REQUIREMENT | In the entries that follow, find the line containing "Figure 4: Inclined"; from there, copy every line exactly through the line containing "Number 5 Par 4 , 353 yards Seminole G.C.".

RECORDS FOR THIS TASK |
* * * * * * * * *
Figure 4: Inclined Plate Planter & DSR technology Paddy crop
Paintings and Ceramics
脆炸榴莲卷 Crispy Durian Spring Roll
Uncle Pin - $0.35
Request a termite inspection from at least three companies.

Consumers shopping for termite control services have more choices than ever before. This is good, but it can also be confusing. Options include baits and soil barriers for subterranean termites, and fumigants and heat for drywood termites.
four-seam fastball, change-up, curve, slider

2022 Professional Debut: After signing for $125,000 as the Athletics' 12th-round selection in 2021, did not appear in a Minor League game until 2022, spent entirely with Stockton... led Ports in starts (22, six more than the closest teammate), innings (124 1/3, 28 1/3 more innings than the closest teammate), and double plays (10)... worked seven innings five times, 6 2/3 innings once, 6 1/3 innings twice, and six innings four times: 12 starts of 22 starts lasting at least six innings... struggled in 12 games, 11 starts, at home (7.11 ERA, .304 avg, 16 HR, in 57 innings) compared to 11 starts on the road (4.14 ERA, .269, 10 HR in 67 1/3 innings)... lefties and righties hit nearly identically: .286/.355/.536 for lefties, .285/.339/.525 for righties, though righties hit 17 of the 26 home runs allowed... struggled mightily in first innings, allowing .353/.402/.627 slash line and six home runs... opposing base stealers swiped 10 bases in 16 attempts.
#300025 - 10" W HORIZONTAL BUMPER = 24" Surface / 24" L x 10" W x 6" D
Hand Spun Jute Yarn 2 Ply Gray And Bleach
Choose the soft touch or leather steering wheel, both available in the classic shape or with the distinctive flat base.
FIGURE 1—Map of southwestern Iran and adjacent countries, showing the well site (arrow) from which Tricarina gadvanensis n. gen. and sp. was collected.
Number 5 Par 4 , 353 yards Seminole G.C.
* * * * * * * * *
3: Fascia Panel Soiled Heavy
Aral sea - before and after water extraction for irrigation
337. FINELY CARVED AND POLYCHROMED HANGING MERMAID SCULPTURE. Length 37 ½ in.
* * * * * * * * *
FINISHED EXERCISE |
Figure 4: Inclined Plate Planter & DSR technology Paddy crop
Paintings and Ceramics
脆炸榴莲卷 Crispy Durian Spring Roll
Uncle Pin - $0.35
Request a termite inspection from at least three companies.

Consumers shopping for termite control services have more choices than ever before. This is good, but it can also be confusing. Options include baits and soil barriers for subterranean termites, and fumigants and heat for drywood termites.
four-seam fastball, change-up, curve, slider

2022 Professional Debut: After signing for $125,000 as the Athletics' 12th-round selection in 2021, did not appear in a Minor League game until 2022, spent entirely with Stockton... led Ports in starts (22, six more than the closest teammate), innings (124 1/3, 28 1/3 more innings than the closest teammate), and double plays (10)... worked seven innings five times, 6 2/3 innings once, 6 1/3 innings twice, and six innings four times: 12 starts of 22 starts lasting at least six innings... struggled in 12 games, 11 starts, at home (7.11 ERA, .304 avg, 16 HR, in 57 innings) compared to 11 starts on the road (4.14 ERA, .269, 10 HR in 67 1/3 innings)... lefties and righties hit nearly identically: .286/.355/.536 for lefties, .285/.339/.525 for righties, though righties hit 17 of the 26 home runs allowed... struggled mightily in first innings, allowing .353/.402/.627 slash line and six home runs... opposing base stealers swiped 10 bases in 16 attempts.
#300025 - 10" W HORIZONTAL BUMPER = 24" Surface / 24" L x 10" W x 6" D
Hand Spun Jute Yarn 2 Ply Gray And Bleach
Choose the soft touch or leather steering wheel, both available in the classic shape or with the distinctive flat base.
FIGURE 1—Map of southwestern Iran and adjacent countries, showing the well site (arrow) from which Tricarina gadvanensis n. gen. and sp. was collected.
Number 5 Par 4 , 353 yards Seminole G.C.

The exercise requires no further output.